Last Saturday on Facebook, the Rev. Phillip Lund mentioned that he’s teaching a January Intensive at Meadville-Lombard about digital/spiritual literacy. That got me thinking about the digital skills of UU clergy.
In my work editing The Interdependent Web, I interact with the subset of UU clergy who blog. Many of them are also very active on Facebook and Twitter. Because almost all of the UU clergy I know are these bloggers, my sense of how tech-literate UU clergy really are is skewed. I think it’s worth figuring out just what percentage of UU clergy are developing their digital skills. I also think 100% digital literacy is a worthy and necessary goal.
So here’s my radical proposal: let’s make digital literacy required for all UU ministers––not just those seeking preliminary or final fellowship.**
A recent post on the MediaShift blog quoted media scholar Henry Jenkins: “Traditionally we wouldn’t consider someone literate if they could read but not write. And today we shouldn’t consider someone literate if they can consume but not produce media.”
It’s no longer enough for clergy to know how to check their email and surf the web. If we want our congregations to be digitally visible, our clergy need to be both spiritually literate and digitally literate.
So what are the requirements for digital literacy?
Here’s the bare minimum, as I see it: every UU minister needs to have a blog, Facebook and Twitter accounts, and a willingness to stay digitally current.***
I suspect that we’re letting a lot of clergy off the hook at the moment. We’re allowing ourselves to think of Facebook and Twitter (and other social media) as toys, as entertainment, and not as essential tools for a new way of being in community. We hide behind concerns about privacy, about too much screen time, rather than jumping in and helping solve these problems from the inside out. We make excuses for our illiteracy, claiming we’re “just not computer people,” rather than acknowledging our fears and our reluctance to do the hard work of learning something new.****
Unitarian Universalism has so much to offer, particularly to those without a spiritual home. We are not what everyone needs, but we are uniquely positioned to be ”a religion for our time.”
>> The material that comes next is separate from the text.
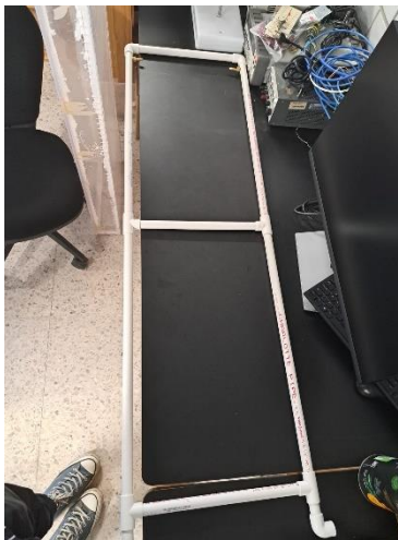
Figura 2. Foto de la conexión de tuberías que van dentro del reservorio de acrílico.

But we can’t be a religion for the digital age if those who have embraced digital media have no idea that we exist. If we’re hidden behind outdated websites. If we’re silent on Facebook and Twitter. And if our clergy speak only from pulpits and printed newsletters.
*Obviously, this is a broad generalization, with many exceptions.
**I know that this is a practical impossibility. :)
***I’m looking forward to hearing what others of you think should be “required.”
****As I wrote this paragraph, I found myself thinking about a recent study that claims Alaskans are crankiest in the fall.